▸ **ACTIVITY**
Go through the data below line by line and report how many lines contain "when", giving only that figure.

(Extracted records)
----------
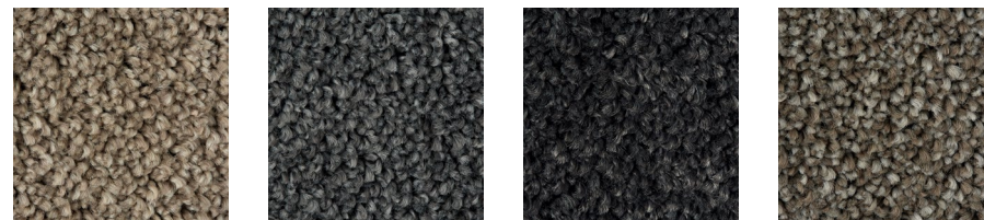
Flaxen Inky Loam Patina
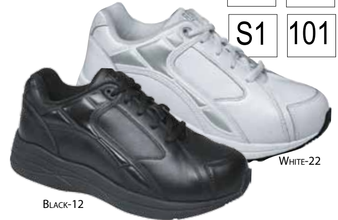
MOTION 10186 LEATHER
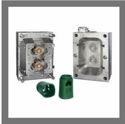
Plastic Injection Mould
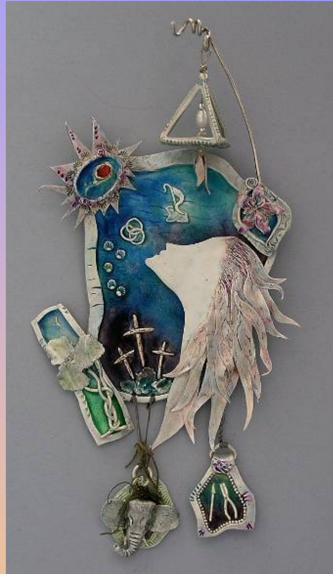
“Windows to My Soul”
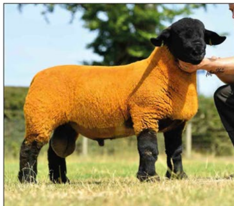
8000GN SALOPIAN ZOOLANDER (SIRE OF THE TWO MIDDLEMUIR GIMMERS) SIRE OF LAMBS TO 1000GNS
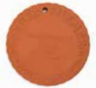
BREAD WARMER 4675 4.5", Terra Cotta Box, 12 per case 0-30734-04675-3
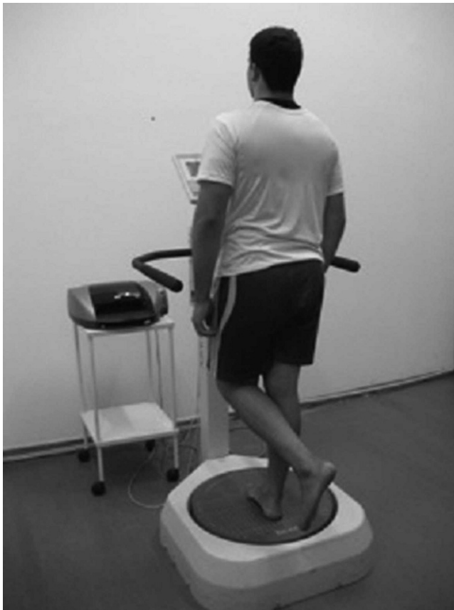
Figure 2 - An athlete performing the platform stability test.

athlete was positioned with his arms parallel to the longitudinal axis of the body while keeping his hand in contact with his thigh. The subject was instructed to keep his eyes open and fixed on a point on a white wall 1 meter from the equipment, and his knees were bent 10° to 15° while keeping his hips in a neutral position. After the three tests, the device software reported the stability index based on the degree of oscillation of the platform during the evaluations.
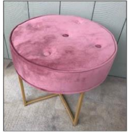
Dusty Rose Ottoman, 19" dia. x 18" high; $10
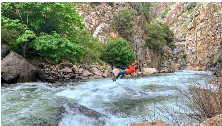
Crossing the Kings River.
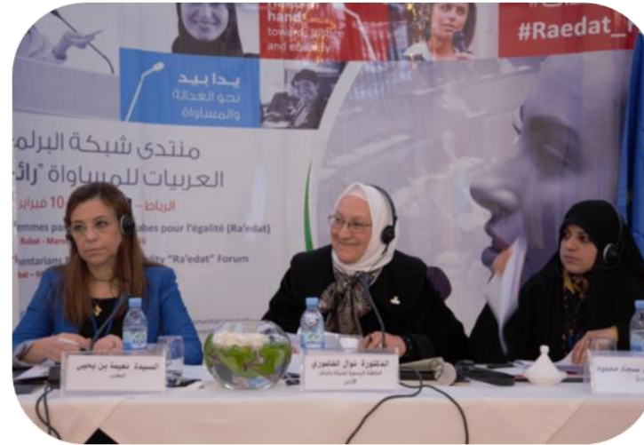
Strengthening institutional accountability towards gender equality
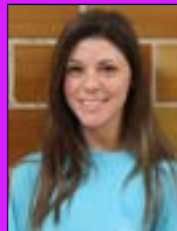
"Turkey and Green Bean Casserole" -Destiny Smith
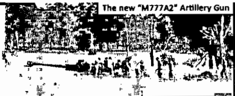
The new "M777A2" Artillery Gun
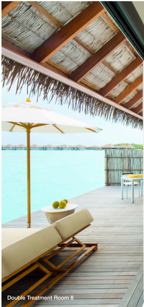
Double Treatment Room 8
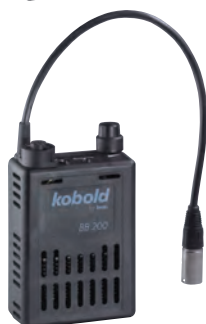
BB200/X with „Slide Lock-SL3“ coupler, with 4 pin XLR-plug 742-0191
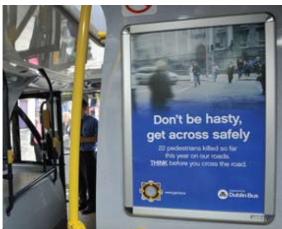
An Garda Síochána's poster campaign, "Don't be hasty, get across safely", which was run in conjunction with Dublin Bus, advised passengers to be vigilant for passing vehicles when alighting from the bus.

In 3 of the 5 years between 2004 and 2008, the number of pedestrian fatalities in Dublin equalled or exceeded the number of fatalities for both vehicle drivers and passengers combined. In 2009, a total of 40 pedestrians were killed on Irish roads, which equates to 16.6% of fatalities.
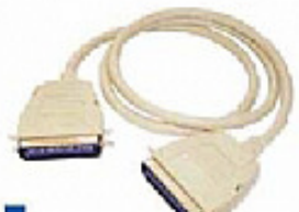
KSRP109 IEEE 1284 Centronic 36p (M) to (M) Assembly Cable
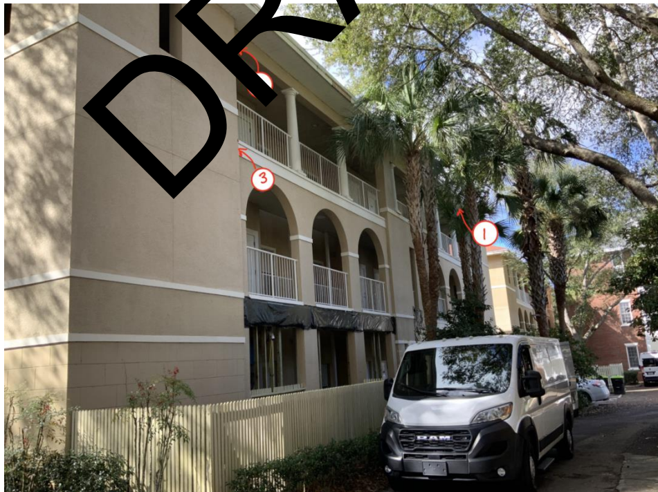
Elevation 2: View of the north elevation of Building A.
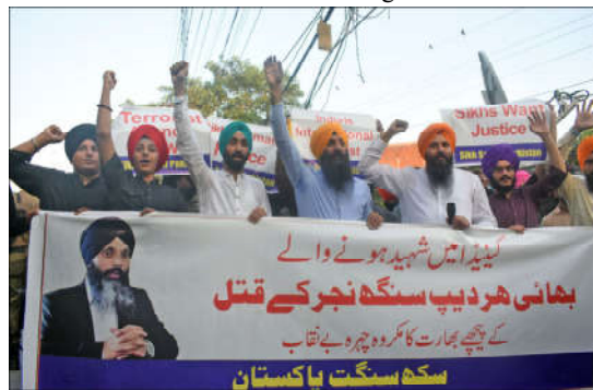
LAHORE: Sikh Community of Pakistan holds protest outside Press Club against the alleged death of Sikh person in Canada.
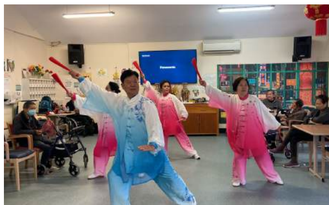
Loves' dancing group
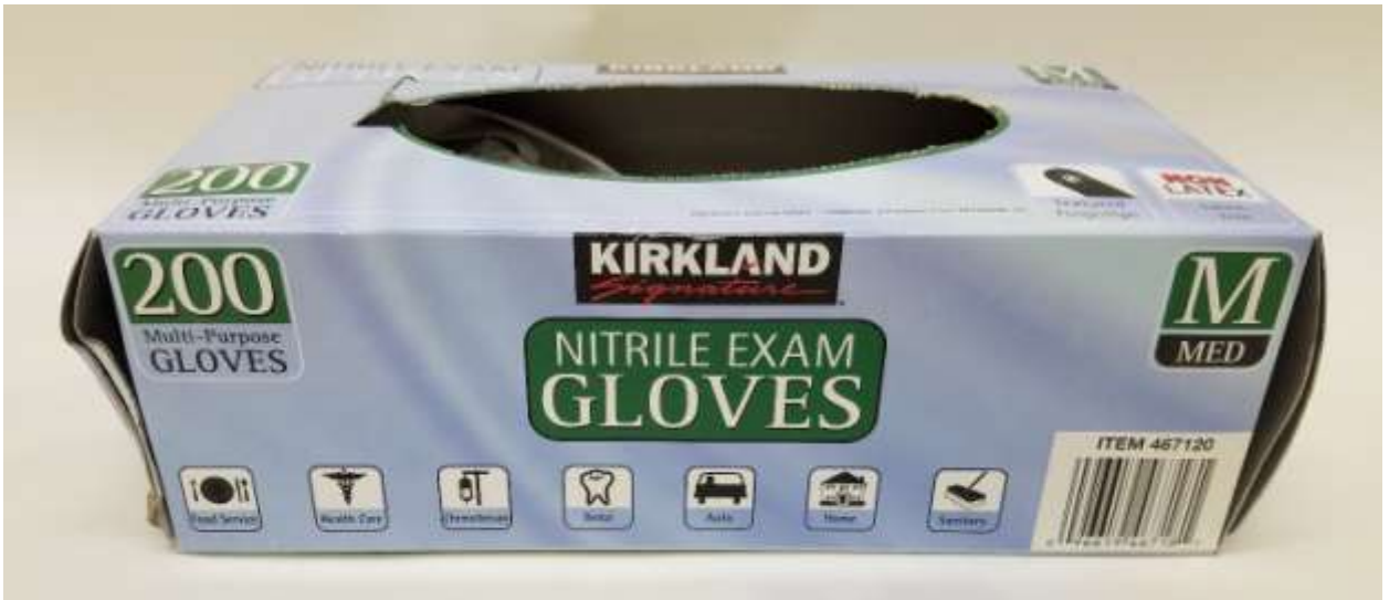
Costco Brand Nitrile Gloves will protect your hands from the finish and give you a better grip
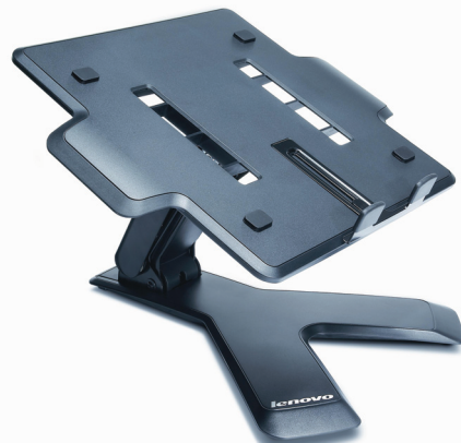
Lenovo Essential Notebook Stand 45J9292
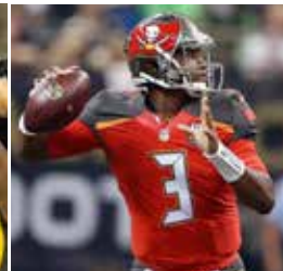
Jameis Winston QB Tampa Bay Buccaneers
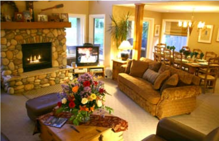
Spacious High Ceiling Rooms
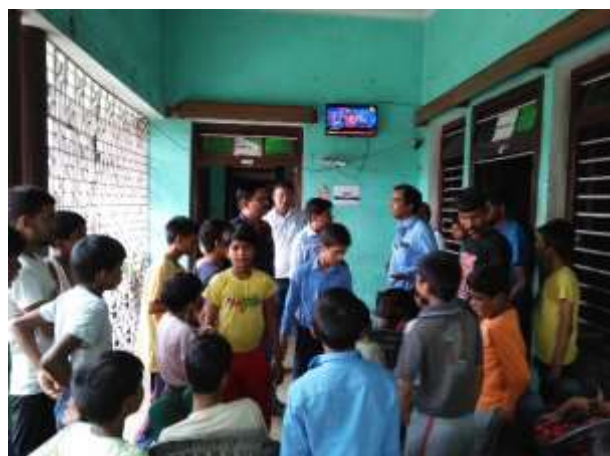
Celebration of "Christmas Day" in the campus of Children Home (Boys):-
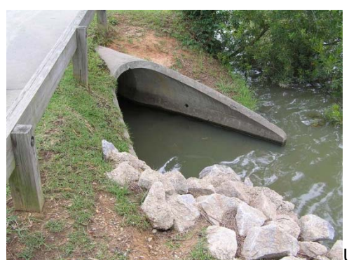
Use Pipe Flared End Section when specified in the
----------
▸ **RESPONSE FOR THIS EXERCISE**
2